My new book published 3 months ago, “The Lost Journey Homeward”, is a contemporary take on the parable of the Prodigal Son.  In my book, the prodigal is a daughter who has hit rock-bottom overseas, and her elder brother runs a country house hotel with problems. The father tries lovingly to get them back on track. If obligated to classify my book, I’d say it was a family saga about stormy relationships, the search for love and meaning in the wrong places and about the hard road home. It’s about guilt, hope, intolerance and forgiveness. It demonstrates that you can mess up your life big time but there’s always another chance to turn things around and find yourself.

I’ve been blessed with a life full of love and adventure. I grabbed the chance to do wild and wacky things but, along the way, managed to learn the importance of communicating and connecting with others, – and of taking every opportunity to show compassion and promote peace and love.  I travelled far, and made some bad mistakes and unwise choices, but then I came home from the sea and from overseas. I write in the hope that my own story and my written stories will entertain and empower people who need to change direction. My novel is about the lost who journey homeward.
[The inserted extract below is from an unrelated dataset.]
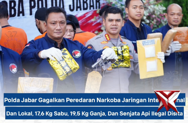 Polda Jabar gagalkan jaringan narkoba internasionalNov 16, 2025 09:25 - Berita - 43 viewsPOLDA JABAR GAGALKAN PEREDARAN NARKOBA JARINGAN INTERNASIONAL DAN LOKAL, 17,6 KG SABU, 19,5 KG GANJA, DAN SENJATA API ILEGAL DISITA Polda Jawa Barat melalui Direktorat Reserse Narkoba berhasil menggagalkan peredaran gelap narkotika jaringan internasional... -

Prodigals with Tea and Cake

My third book has been published this summer by Onwards and Upwards – a novel called The Lost Journey Homeward. It is a contemporary take on the parable of the Prodigal Son, though in my book the prodigal is a daughter, Kate, who strays off the rails and falls into bad company overseas. The son, David, is a stay-at-home workaholic who runs a debt-ridden hotel. They try to get things back on track as they look for love but find disaster. Their father, Theo, is a renowned sculptor who tries to help his wayward children. My story interweaves the relationships between the family members, people they encounter and the ones they love.

I have a Book Launch on Thursday 10th September at 4pm in Salisbury at the Sarum College Bookshop in the Cathedral Close. I shall be giving a short talk with a reading from my book and there will be free tea and cake. Not for free but good value is the paperback which sells for £9.99 and the author – that’s me – will be there to sign your copy! Everyone is welcome. Do come – and bring a friend.